Быстрым шагом Борисяк направился в буфет. Медленно проплыли перед ним первые два вагона. И вот, в окне третьего, он разглядел знакомую сухопарую фигуру человека, сверкнувшего стеклами пенсне, — человека, с которым как-то странно связала его судьба.
А за вагонами первого класса потянулись громыхающие теплушки, натисканные рванью и голью переселенцев. Дети наивно (еще не ведая, что их ждет) махали руками уходящей станции, которая пропадала вдали… Вспомнил Борисяк безрадостное Свищево поле.

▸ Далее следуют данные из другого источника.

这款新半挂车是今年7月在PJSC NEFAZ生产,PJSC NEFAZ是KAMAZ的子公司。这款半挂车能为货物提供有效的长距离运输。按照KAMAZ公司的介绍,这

«Будет пожива», — подумал, вспомнив погосты и приют сирот…
Бенигна Бернгардовна Людинскгаузен фон Шульц стояла на этой уренской земле твердо, как солдат. Какая стать, какой взор, какая убежденность в своей непогрешимости!.. Заслугу изгнания Мышецкого из губернии она приписывала исключительно себе.

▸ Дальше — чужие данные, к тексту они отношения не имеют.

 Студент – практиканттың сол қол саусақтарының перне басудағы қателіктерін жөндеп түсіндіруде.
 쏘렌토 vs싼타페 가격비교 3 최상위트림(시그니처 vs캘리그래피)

— Там, моншер, — показывала она пальцем на потолок, — там меня знают и помнят! Да и как не запомнить: перстень с бриллиантом — от великой княгини Евгении Максимилиановны, табакерка с алмазом — от принца Ольденбургского… Я сохранила связи!
Жизнь этой почтенной гадюки складывалась удачно. Еще один год службы на ниве народного попечения, после чего — отставка и солидная пенсия. А там ее ждет добродушный фатерланд с приятными родичами и утренним кофе, подаваемым в постель чистенькой фрейлейн в той самой кружке, которую так любила прапрабабушка.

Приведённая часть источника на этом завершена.